### HOW TO COMPLETE THIS TASK
Exactly the lines from the one containing "开展2025-2026学年第一学期开学教学运行专项检查的通知" through the end of the listing below are required, restated word for word and without pictures.

### DATASET SECTION

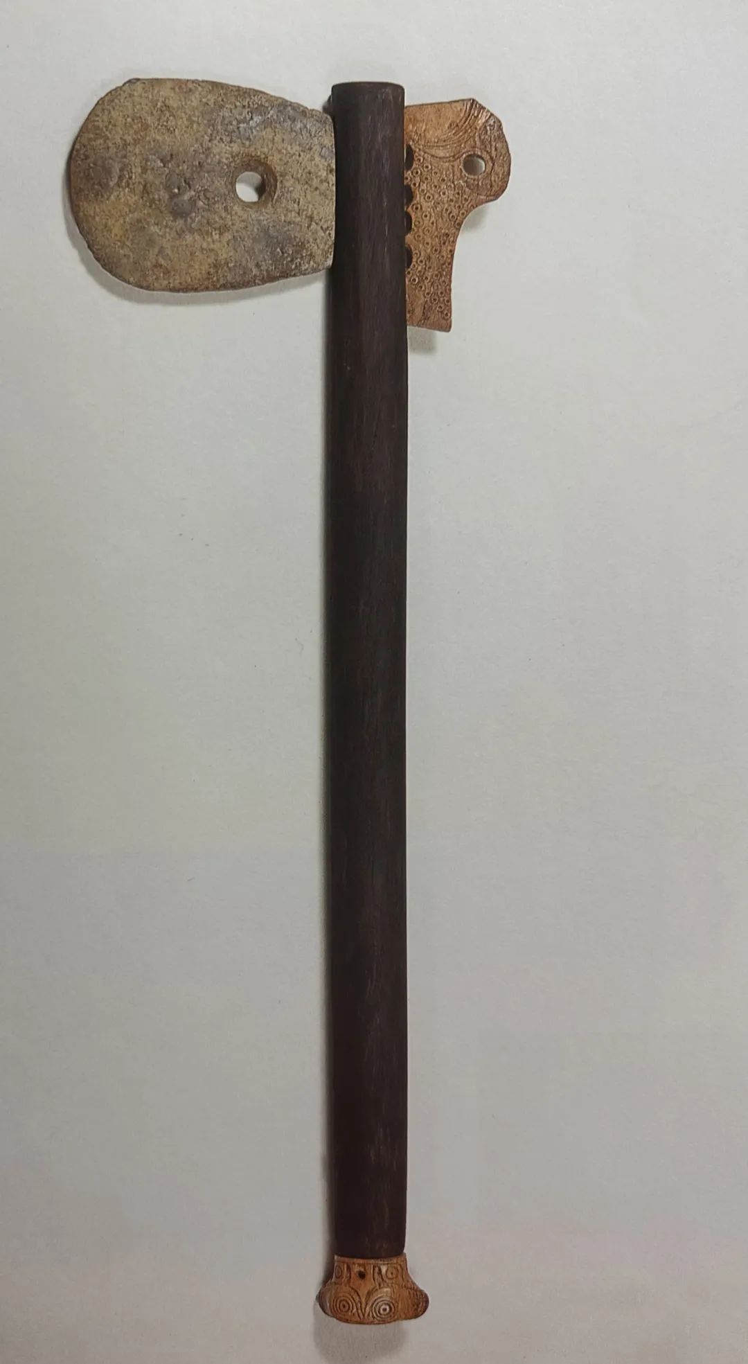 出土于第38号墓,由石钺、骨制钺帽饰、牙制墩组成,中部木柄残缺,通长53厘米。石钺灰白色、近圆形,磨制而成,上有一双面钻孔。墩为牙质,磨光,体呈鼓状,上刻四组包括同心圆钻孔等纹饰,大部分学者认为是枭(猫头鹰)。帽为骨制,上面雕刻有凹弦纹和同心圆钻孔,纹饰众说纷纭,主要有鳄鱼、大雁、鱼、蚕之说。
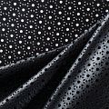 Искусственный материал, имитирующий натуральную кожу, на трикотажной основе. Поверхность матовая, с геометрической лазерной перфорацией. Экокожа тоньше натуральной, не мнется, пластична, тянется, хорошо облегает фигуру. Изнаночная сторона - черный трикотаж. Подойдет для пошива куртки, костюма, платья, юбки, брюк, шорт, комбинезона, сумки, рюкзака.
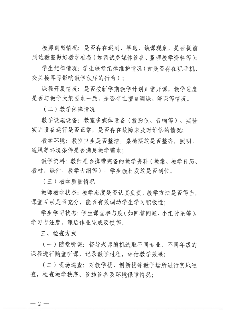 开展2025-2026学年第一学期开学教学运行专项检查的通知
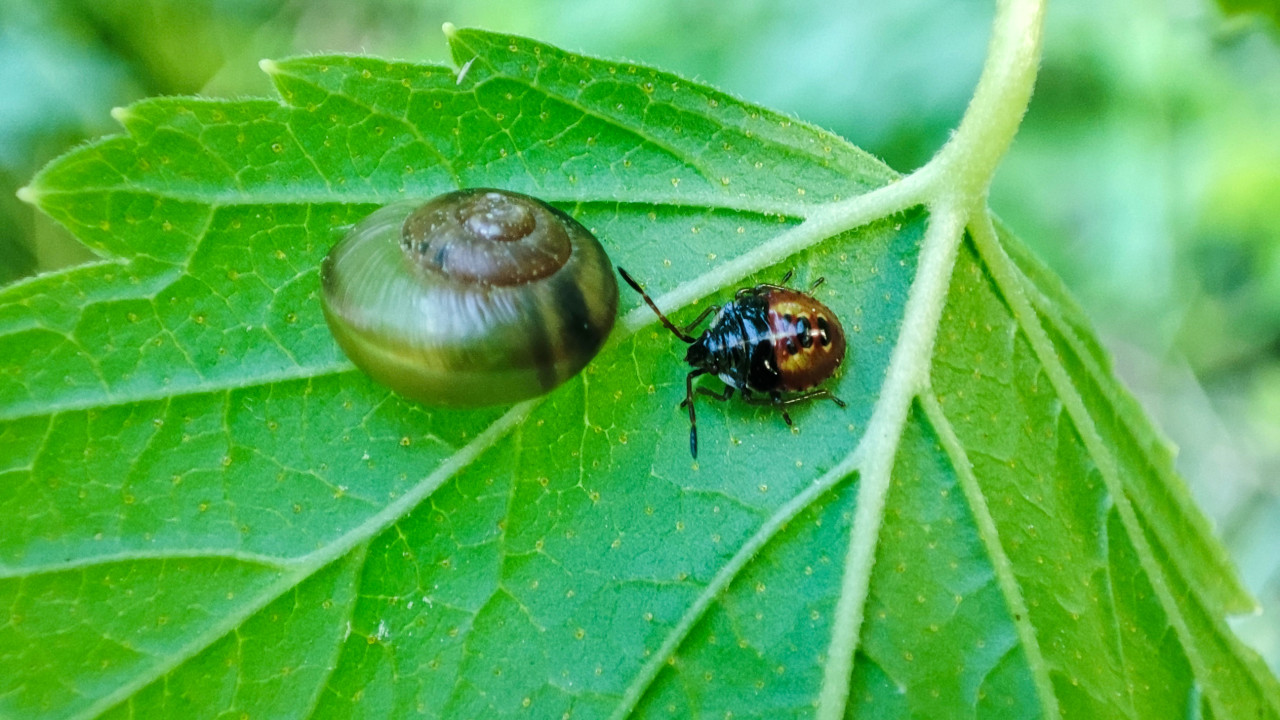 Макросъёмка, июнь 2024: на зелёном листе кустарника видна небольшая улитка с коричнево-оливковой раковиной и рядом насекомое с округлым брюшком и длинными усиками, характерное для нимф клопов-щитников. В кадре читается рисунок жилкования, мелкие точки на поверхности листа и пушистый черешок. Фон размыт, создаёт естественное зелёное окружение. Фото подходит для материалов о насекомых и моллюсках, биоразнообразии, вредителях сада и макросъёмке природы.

### TASK RESULT
 开展2025-2026学年第一学期开学教学运行专项检查的通知
 Макросъёмка, июнь 2024: на зелёном листе кустарника видна небольшая улитка с коричнево-оливковой раковиной и рядом насекомое с округлым брюшком и длинными усиками, характерное для нимф клопов-щитников. В кадре читается рисунок жилкования, мелкие точки на поверхности листа и пушистый черешок. Фон размыт, создаёт естественное зелёное окружение. Фото подходит для материалов о насекомых и моллюсках, биоразнообразии, вредителях сада и макросъёмке природы.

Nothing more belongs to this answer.